Regarding OSTP's own management, Dr. Lane said its
$5 million staffing budget is "flat" and calls for
42 full-time equivalent employees. The office requests
only a 2 percent overall increase.
During a question period, Sen. Bond questioned the
wisdom of doubling the National Institutes of Health
budget without doing more for NSF. He asked the foundation
to articulate a "vision" that he could promote with
his colleagues. Dr. Colwell stated that NIH's funding
is "great," but that math and science are the underpinning
of health research. Dr. Lane said that NIH's recent
funding increases match growth in the Growth Domestic
Product, but that the supporting sciences continue
to be underfunded. Outgoing NIH director Harold Varmas
has himself noted this, Dr. Lane said. He stated that
half of the U.S. economic growth in the past 50 years
has come from basic science, as opposed to biomedicine.
Sen. Mikulksi said that K-12 education needs NSF support.
She said that NSF equipment funding is key to smaller
colleges, which are "incubators" for women and minorities.
Dr. Colwell pointed to the GK12 fellowships, which
fund about 100 graduate students per year to work
with younger students in school systems across the
U.S. She said that NSF's budget has $50 million for
equipment at four-year universities, but that amount
should be doubled.
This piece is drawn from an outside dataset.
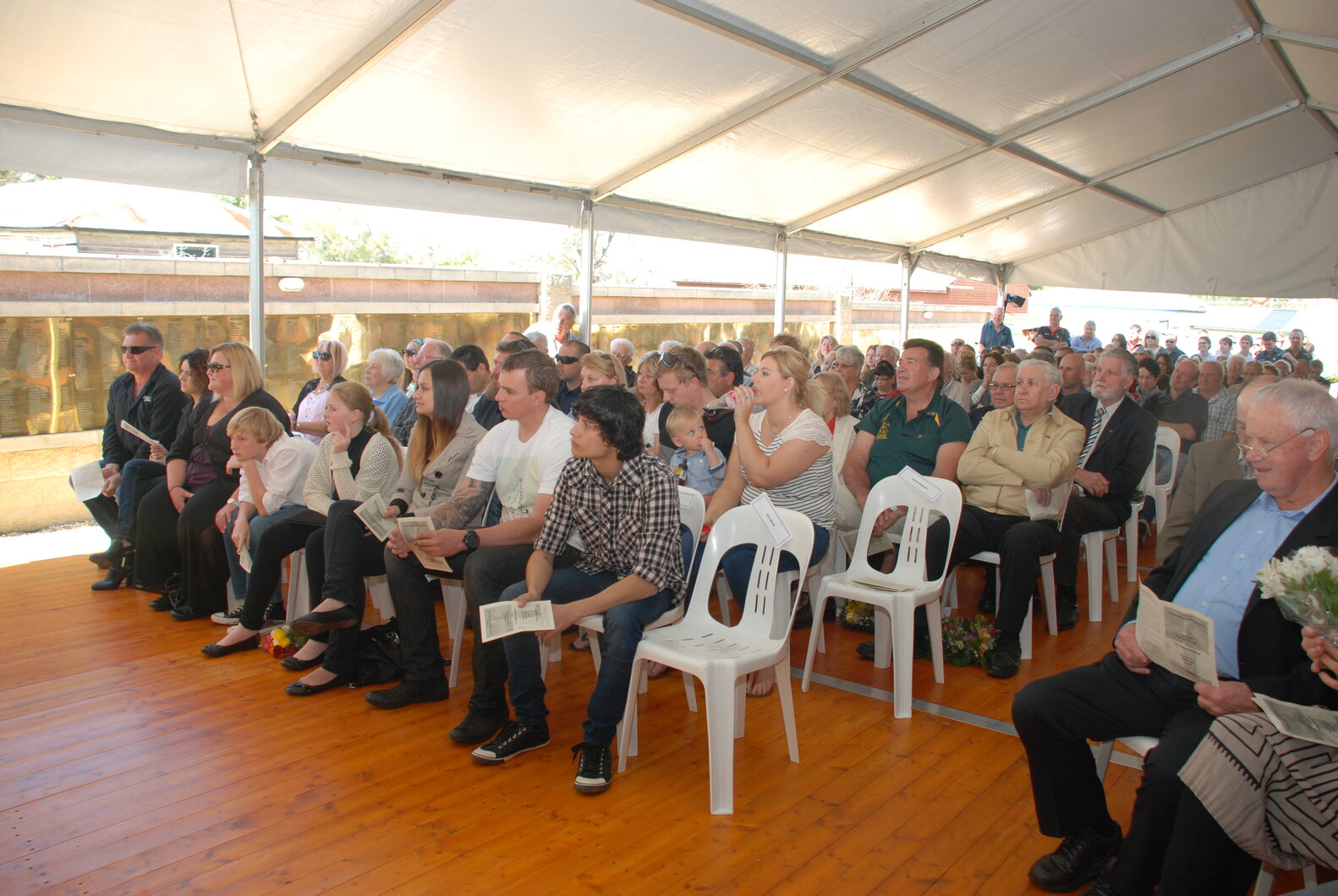 Guests at the Memorial Service at the Jim Comerford Miners Memorial Wall, Aberdare, NSW, 2014

To balance distribution of these
funds, each institution may submit only two such proposals
per year. In a recent study of peer review across
the foundation, it was shown that over half of proposals
rated "very good" didn't receive NSF funds.
Sen. Bond asked whether NSF is following PITAC's recommendation
to make larger, longer grants, with funding for "risky"
projects. Dr. Colwell said the foundation is doing
just that, with IT Research grant reviews now in full
swing. She called the quality of proposals "extraordinary."